» **EXERCISE REQUIREMENTS**
Repeat the span of the entries below that starts at the line with "대전 중구는 소규모 노후" and ends at the line with "1. По умолчанию, в", nothing more. Skip the pictures.

» **PROVIDED DATA**

════════

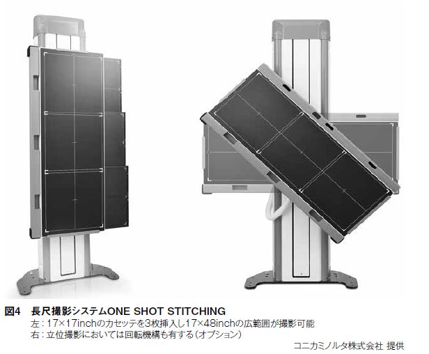 残る長尺撮影に関しては、2022年3月にAeroDRを用いたワンショット長尺撮影システム(図4)を導入予定である。このシステムでは、17×17inchのFPDを3枚使用し、最大で17×48inchの撮影が可能であり、特長として、一回曝射での撮影、立位撮影では受像部の回転機構を搭載(オプション)、パネルフォルダを取り外すことが可能で立位・臥位両方の撮影にも対応、などが挙げられる。当院で特に重視した点は一回曝射であり、自立保持が困難な患者の撮影に際しては体動の面で非常に有利となる。また、極端にアライメントの悪い患者の全脊椎側面撮影では、従来は長尺カセッテを技師が斜めに保持する形で撮影を行なっていたが、今後は立位撮影での回転機構が活躍すると考えている。なお、長尺撮影に使用するFPDは長尺撮影システム専用ではなく、立位・臥位撮影用やカセッテ撮影用のFPDと兼用可能であり、バックアップとしても使用できることから、FPD枚数の最適化を図ることができる。
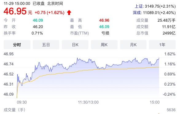 ▲牧原股份29日收报46.95元/股,总市值2499亿元
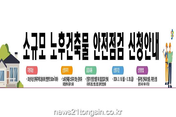 대전 중구는 소규모 노후 건축물 안전관리를 위한 안전점검을 지원한다고 10일 밝혔다. 중구는 관내 건축물 중 30년 이상 된 노후 건축물의 연면적 비율이 40%로 화재·지진 재난에 취약한 구조인 건축물들이 많아 보다 철저한 안전관리가 요구되고 있다.
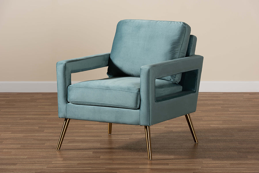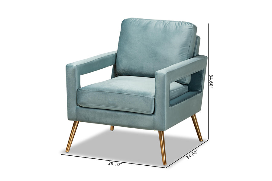 Prewitt Light Blue Velvet Fabric Upholstered and Gold Finished Armchair
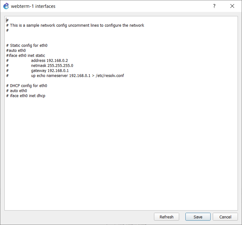 1. По умолчанию, в docker контейнерах отсутствует присвоение IP-адреса после старта устройства. Для возможности передачи данных через моделируемый сегмент сети необходимо включить технологию динамической конфигурации сетевых интерфейсов на устройствах Jupyter и Webterm (пункты аналогичны для обоих устройств)
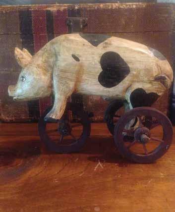 On a table across from the lemonade, I saw something I just had to have. Behind an assortment of antique pottery, cast iron tools and blue Ball jars was a wooden pig, painted white with black hearts, standing on three wheels like a tricycle.
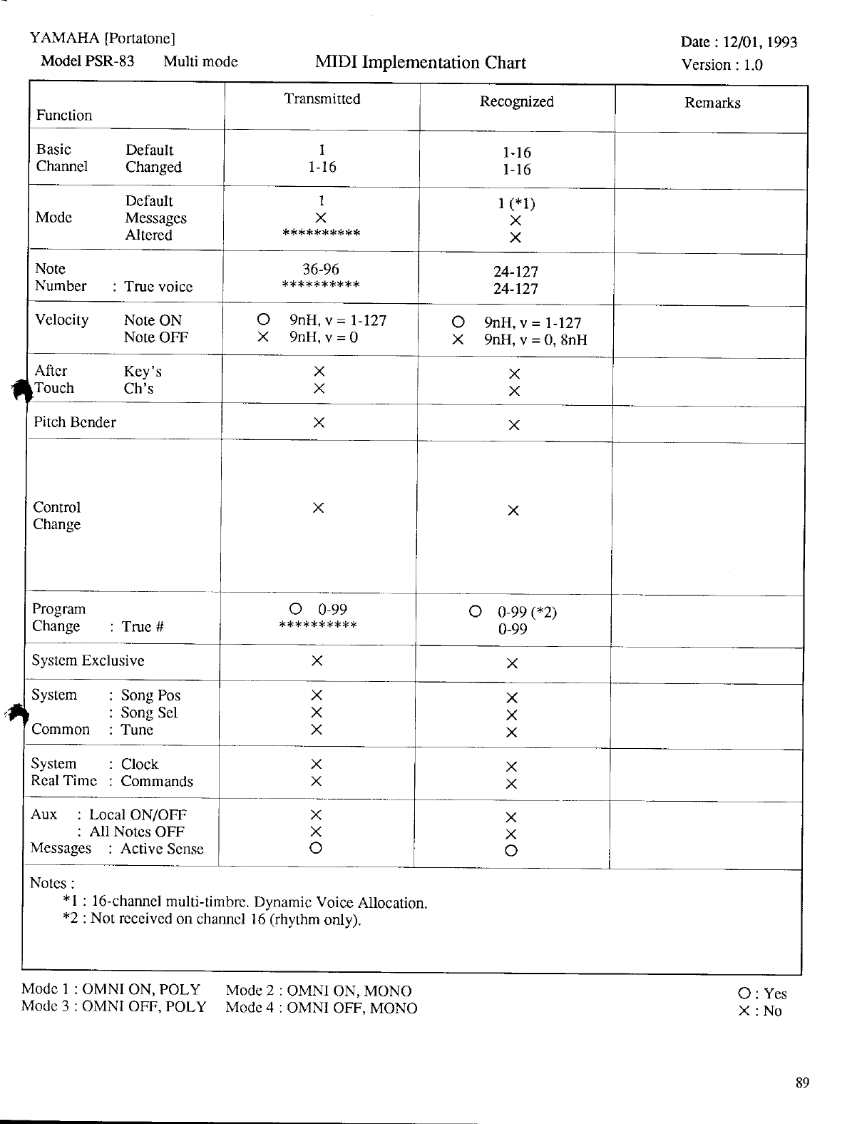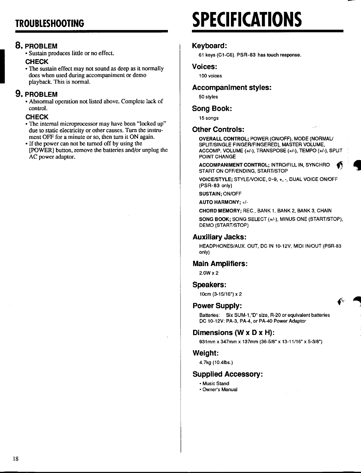 User Manual: Yamaha PSR-83/PSR-82 Owner's Manual (Image)
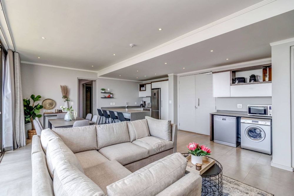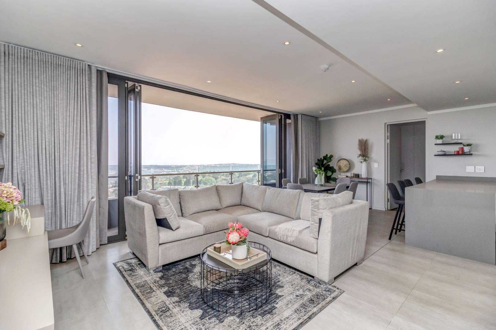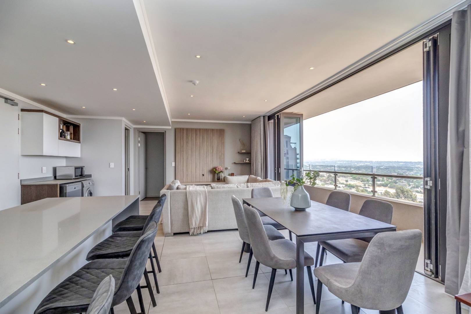 The open plan ultra modern kitchen, lounge and dining with a huge balcony boasting with the most amazing views of JHB
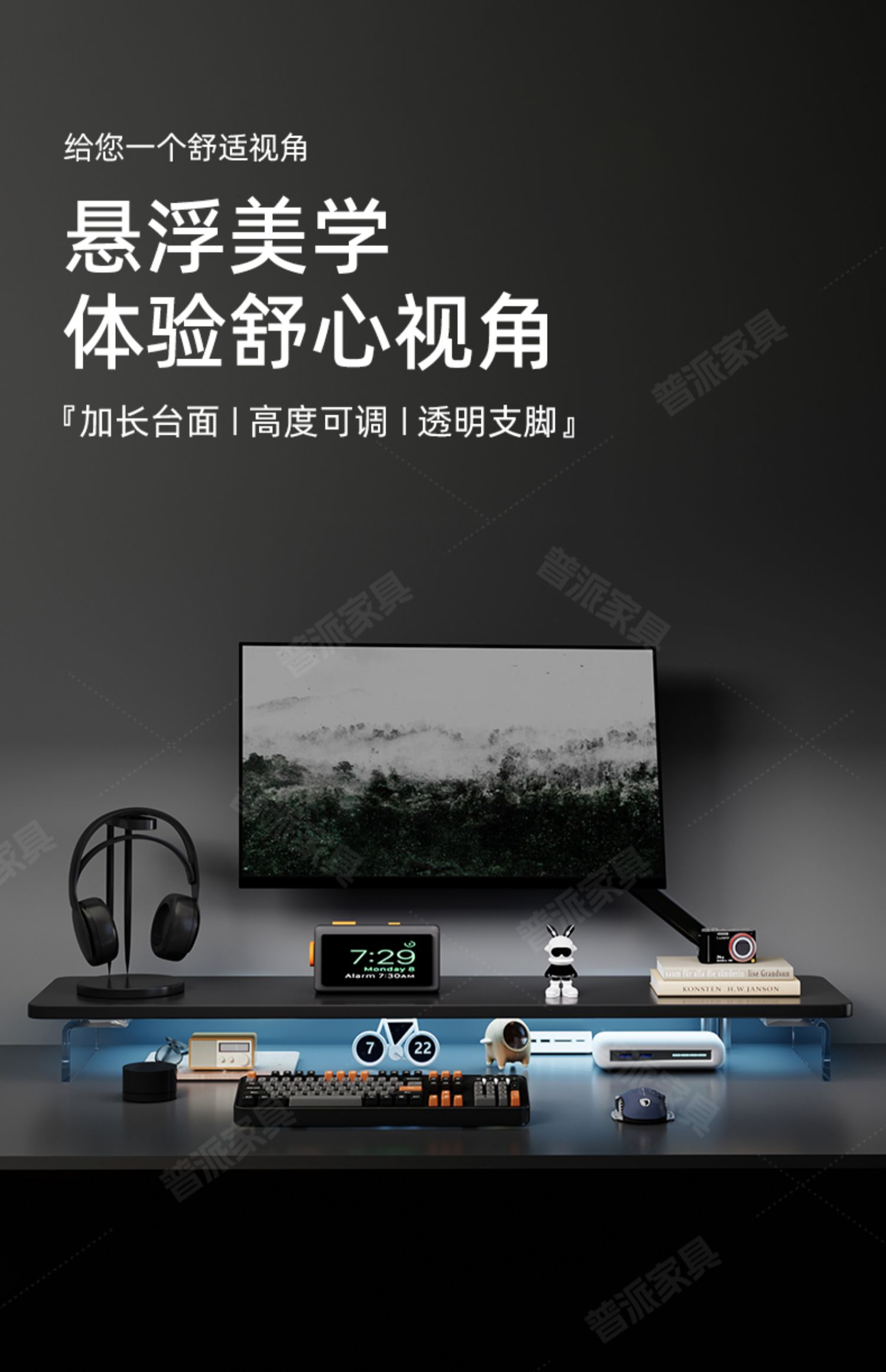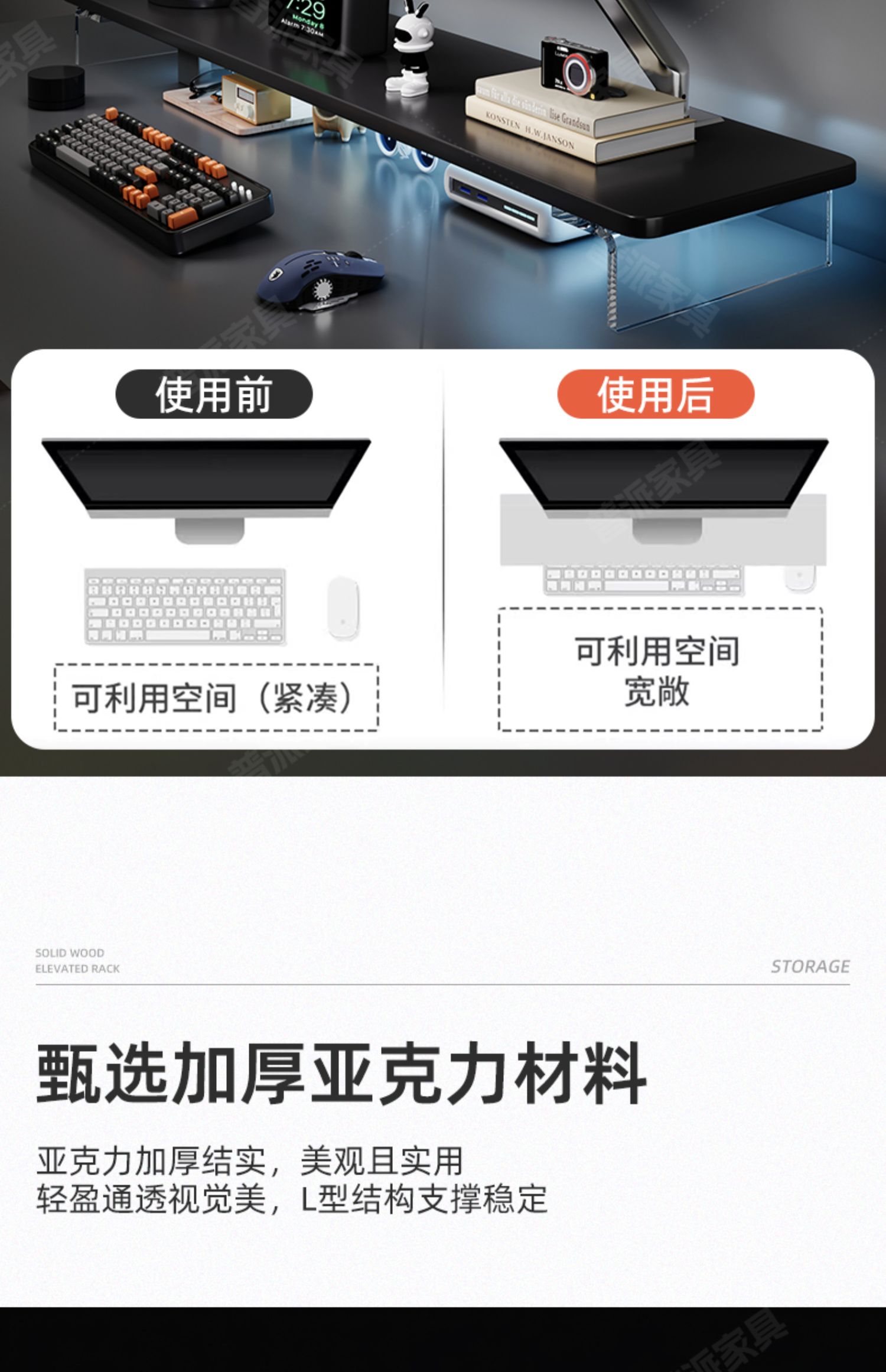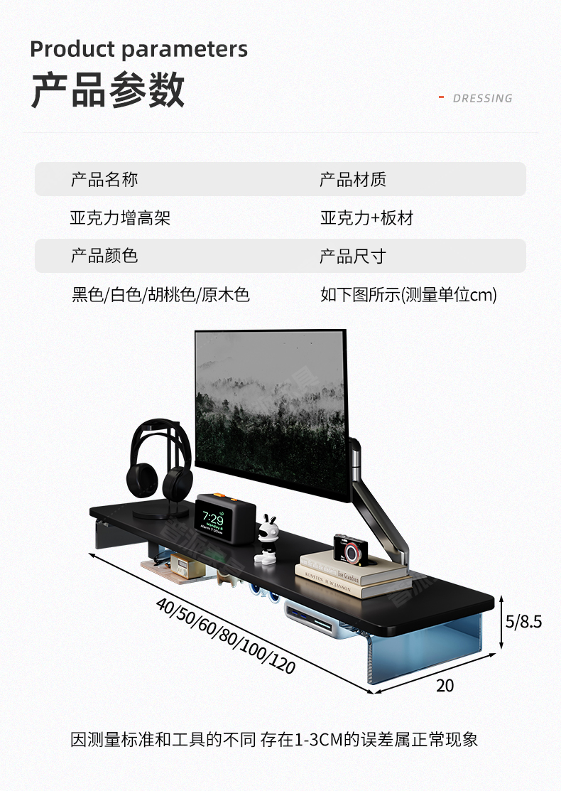 아크릴 컴퓨터 높이 조절 모니터 서스펜션 브래킷 컴퓨터 책상 데스크탑 데스크탑 스토리지 랙 높이 조절 지원 랙스토어 가기

════════

» **WRITTEN SOLUTION**
 대전 중구는 소규모 노후 건축물 안전관리를 위한 안전점검을 지원한다고 10일 밝혔다. 중구는 관내 건축물 중 30년 이상 된 노후 건축물의 연면적 비율이 40%로 화재·지진 재난에 취약한 구조인 건축물들이 많아 보다 철저한 안전관리가 요구되고 있다.
 Prewitt Light Blue Velvet Fabric Upholstered and Gold Finished Armchair
 1. По умолчанию, в docker контейнерах отсутствует присвоение IP-адреса после старта устройства. Для возможности передачи данных через моделируемый сегмент сети необходимо включить технологию динамической конфигурации сетевых интерфейсов на устройствах Jupyter и Webterm (пункты аналогичны для обоих устройств)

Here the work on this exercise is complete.